The at-home research led the agency to propose to Kotex that the company put its product in plain wrapped packages on the retailer's counter so women wouldn't be embarrassed to ask for them. Lasker was especially adept at appealing to women: Kleenex tissues were transformed, to great effect on sales, from a "cosmetics remover" to a "disposable handkerchief." Working with the irascible George Washington Hill of American Tobacco, Lasker persuaded women that smoking Lucky Strikes would ultimately be good for their figures: "Reach for a Lucky instead of a sweet." ("Candy manufacturers screamed," the authors note.) Pepsodent toothpaste went to the top in the 1930s with radio—as did the Pepsodent-sponsored show's host, a heretofore not particularly successful comedian named Bob Hope.

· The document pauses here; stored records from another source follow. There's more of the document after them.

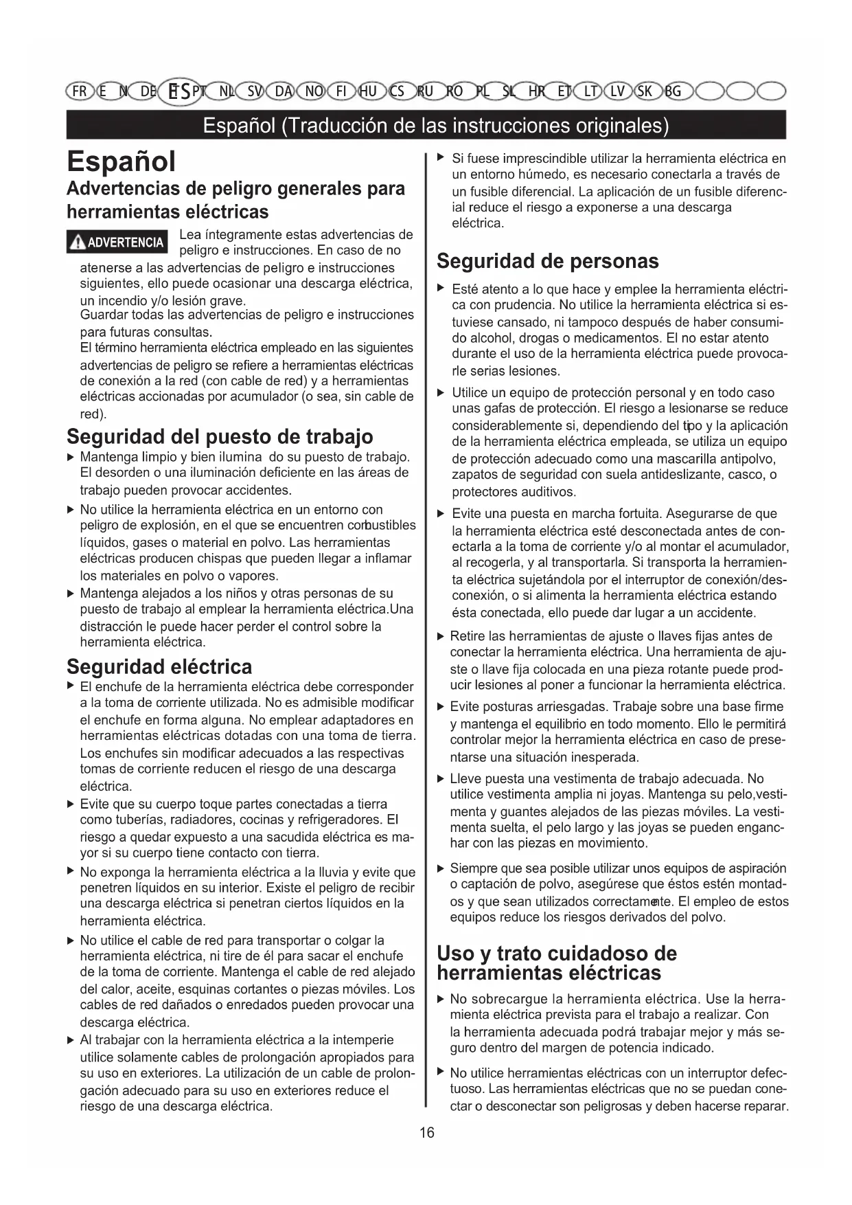 E S FR E N DE IT PT NL SV DA NO FI HU CS RU RO PL SL HR ET LT LV SK BGEspañol (Traducción de las instrucciones originales)
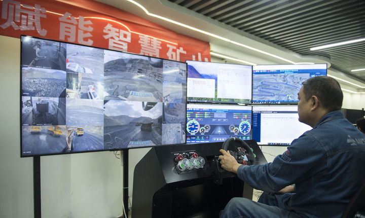 2024年4月11日,技术人员在位于四川省攀枝花市的攀钢矿业朱兰铁矿智慧管控中心远程操控无人自动驾驶矿车。新华社记者 张豪夫 摄
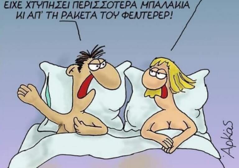 Το πρώτο δείχνει ένα ζευγάρι στο κρεβάτι, με την γυναίκα να λέει: «Σου είπα ότι δεν μου αρέσει το στοματικό σεξ!» και τον άντρα να απαντά: «Ναι, αλλά μόνο μαζί μου!… Γιατί πριν από μένα το σαγόνι σου είχε χτυπήσει περισσότερα μπαλάκια κι απ’ τη ρακέτα του Φέντερερ!».
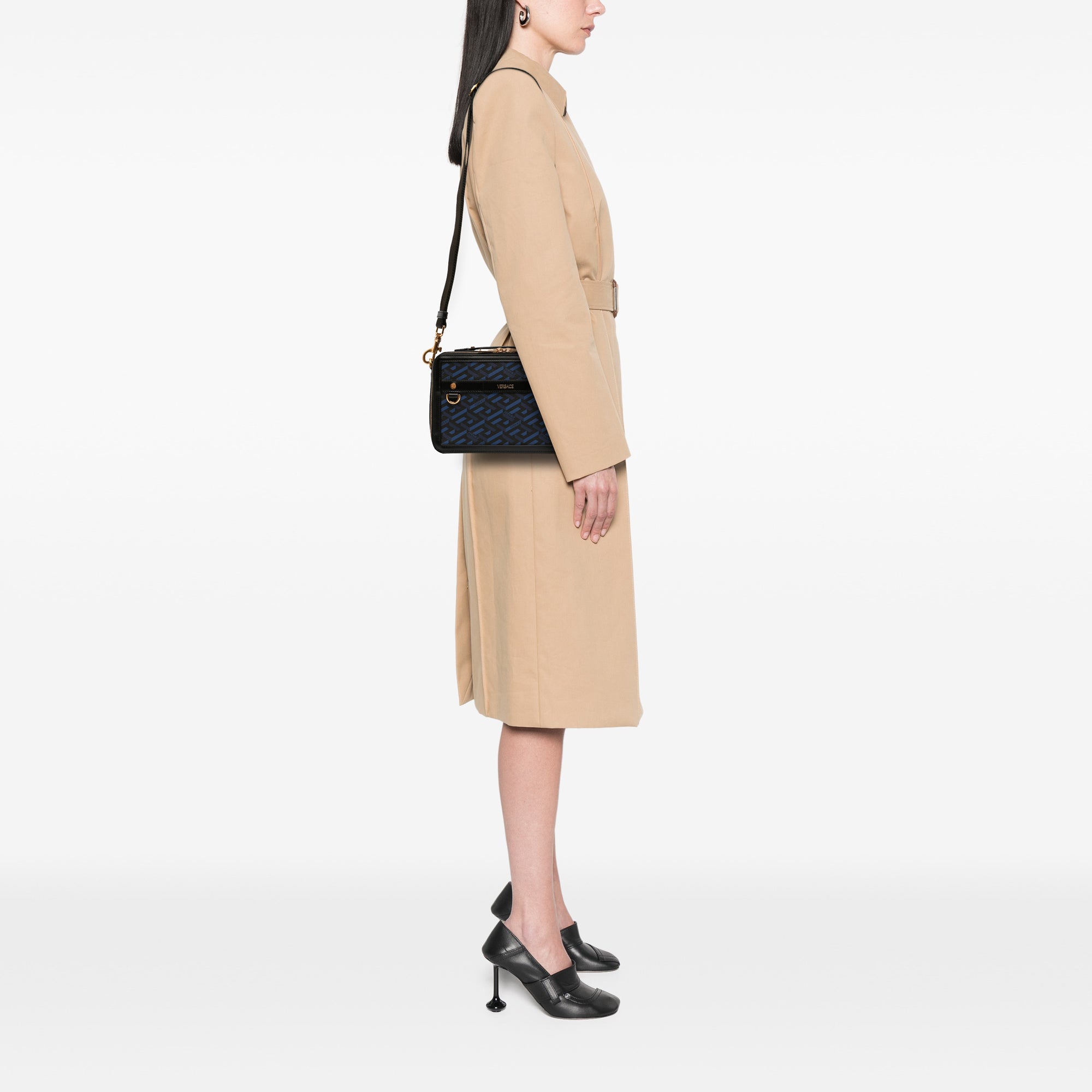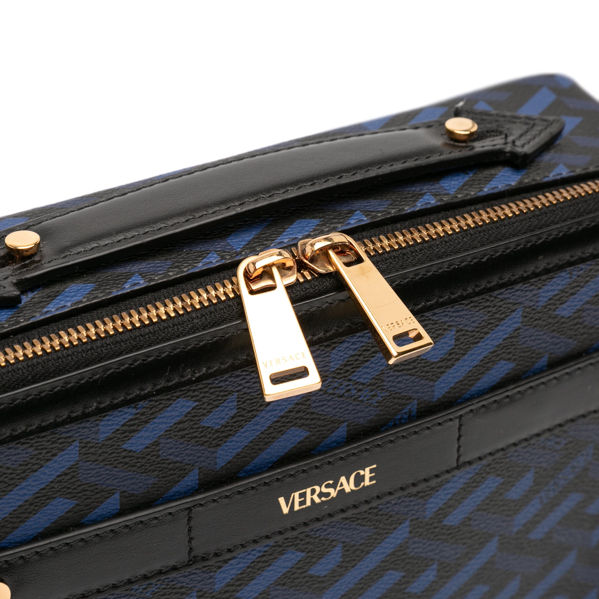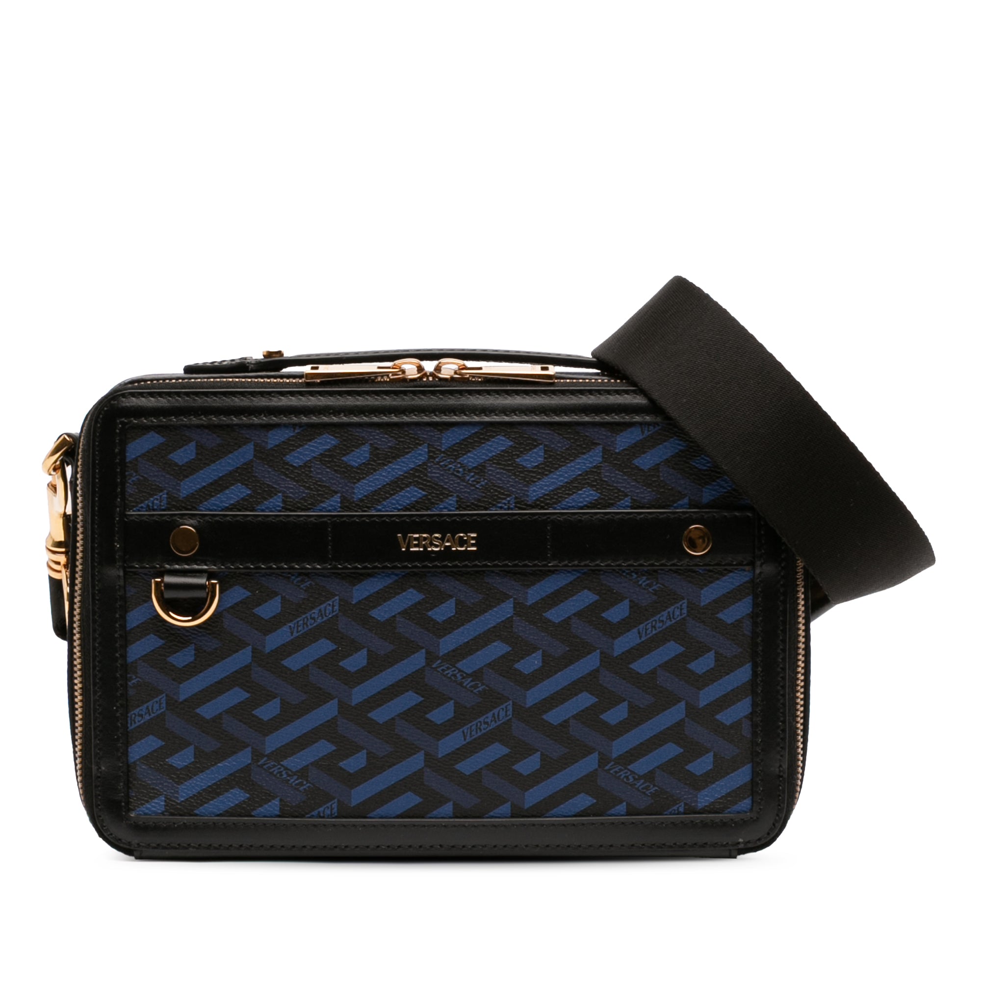 Versace Coated Canvas La Greca Zip Around Messenger Bag
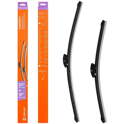 Щетки стеклоочистителя 510/450мм (20"/18") бескаркасные, Civic 95/01, Lancer 95/01, Polo 94/03, RAV4 94/00, 2 шт. 1 адптр AIRLINE
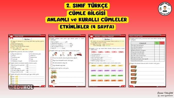 2. SINIF TÜRKÇE CÜMLE BİLGİSİ - ANLAMLI VE KURALLI CÜMLELER ETKİNLİKLER (4 SAYFA)
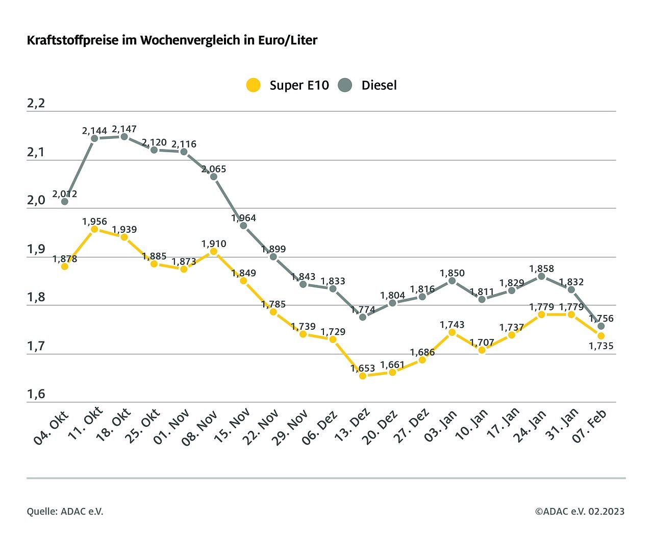 Autor: redEin Liter Super E10 kostet aktuell im Schnitt 1,735 Euro – ein Minus von 4,4 Cent. Mit diesem Rückgang gestaltet sich das Preisbild an den Tankstellen laut ADAC aus Verbrauchersicht – unterstützt von leicht rückläufigen Rohölnotierungen – etwas erfreulicher.
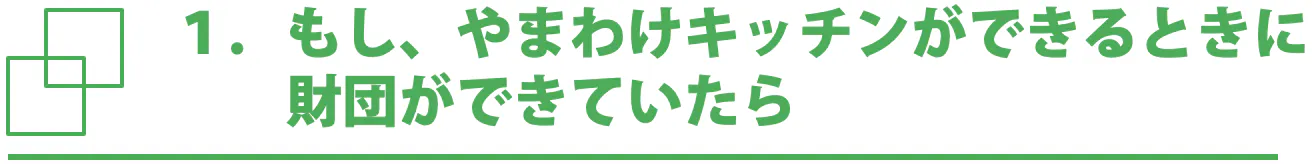 もし、先程紹介したやまわけキッチンを立ち上げるときに、財団が立ち上がっていれば、困りごとに応じて、資源をつなげる事ができたのでは無いでしょうか。
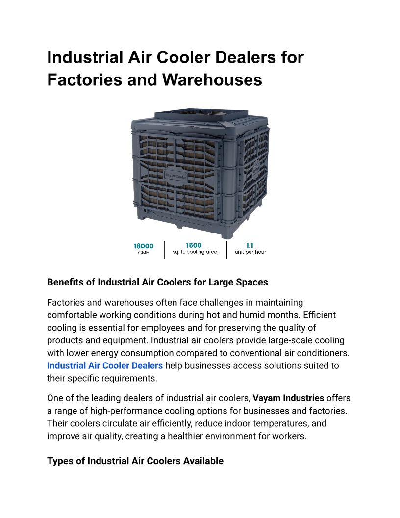 Industrial Air Cooler Dealer...
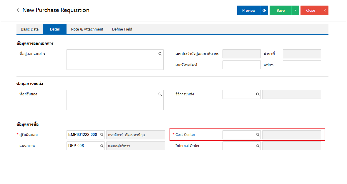 ตัวอย่างหน้าเอกสาร Purchase Requisition หน้าระบุ Cost Center
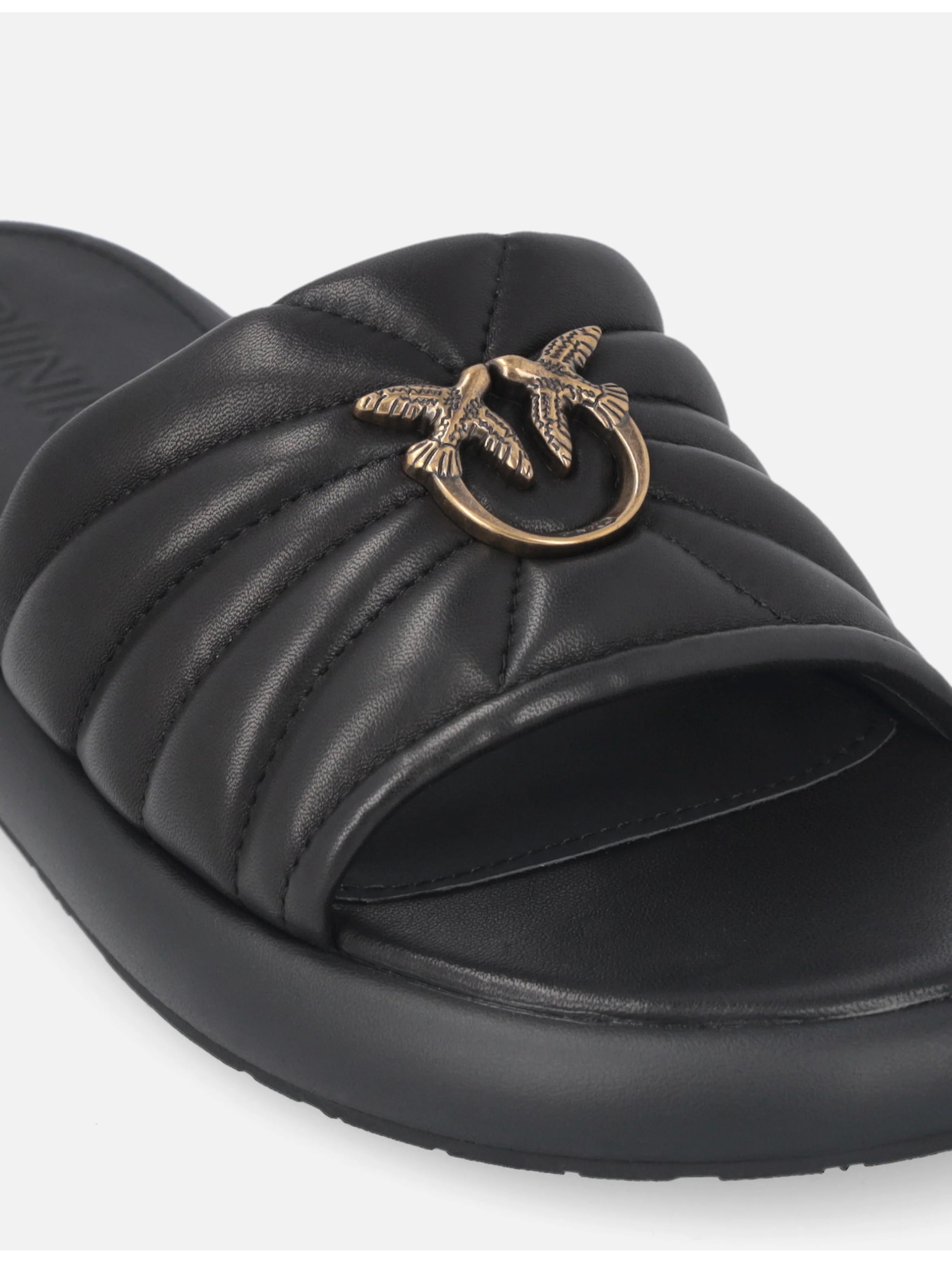 Ciabatte realizzate in morbida nappa, caratterizzate da una spessa fascia superiore imbottita e trapuntata con al centro una placchetta metallica raffigurante l'iconico logo Love Birds Diamond Cut, con suola in gomma dal profilo chunky ma armonioso e soletta in confortevole pelle. Per uno stile urban e contemporaneo. PINKO

[BOOKAD] Sunkist Growers, Inc

Instead of just keeping an advertiser's name in front of the public, he used 'salesmanship in print' to promote brands including Sunkist, Goodyear, Palmolive and Pepsodent.

By 1938, Lasker had made a fortune, which he spent on himself and others. He advanced millions to friends during the Depression and at times lent money to clients to finance their advertising campaigns. In 1942, tired and bored, he abruptly decided to leave the business—and take the agency's name with him, selling its assets for a token amount to Emerson Foote, Fairfax Cone and Don Belding. He had made lucrative investments and up to that point had been paying himself $1 million a year ($13 million today). He lived a baronial life; the 480-acre weekend estate he built outside Chicago had a staff of 55 and a challenging golf course where he hosted friends and clients—if they were also friends.

His third wife, Mary, introduced him to fine art—they collected Impressionists—and philanthropy. The Laskers became major contributors to the American Cancer Society, the National Heart Institute and, in part because he suffered from debilitating depression all his life, the National Committee for Mental Health. With his "energetic advocacy," Lasker "reshaped philanthropy," the authors write, by using "the tools he had embraced in the commercial context, including radio, to change the way the nation thought about cancer and other diseases." Another sign of his influence: Lasker suggested that the Birth Control Institute change its name to Planned Parenthood.

Except for a six-hour staff talk in 1925, Lasker made no speeches and wrote nothing for publication. Mary had to persuade him to put his name on the Lasker Awards for medical research. He died in 1951 at 72. The authors liken him to the Great Oz in Frank Baum's "The Wizard of Oz," "the man behind the curtain" who operated with relative invisibility. "The Man Who Sold America" pulls back the curtain and shows us a remarkable life spent shaping much of the world we know today.

—Mr. Roman, a former chairman and CEO of Ogilvy & Mather Worldwide, is the author of "The King of Madison Avenue: David Ogilvy and the Making of Modern Advertising."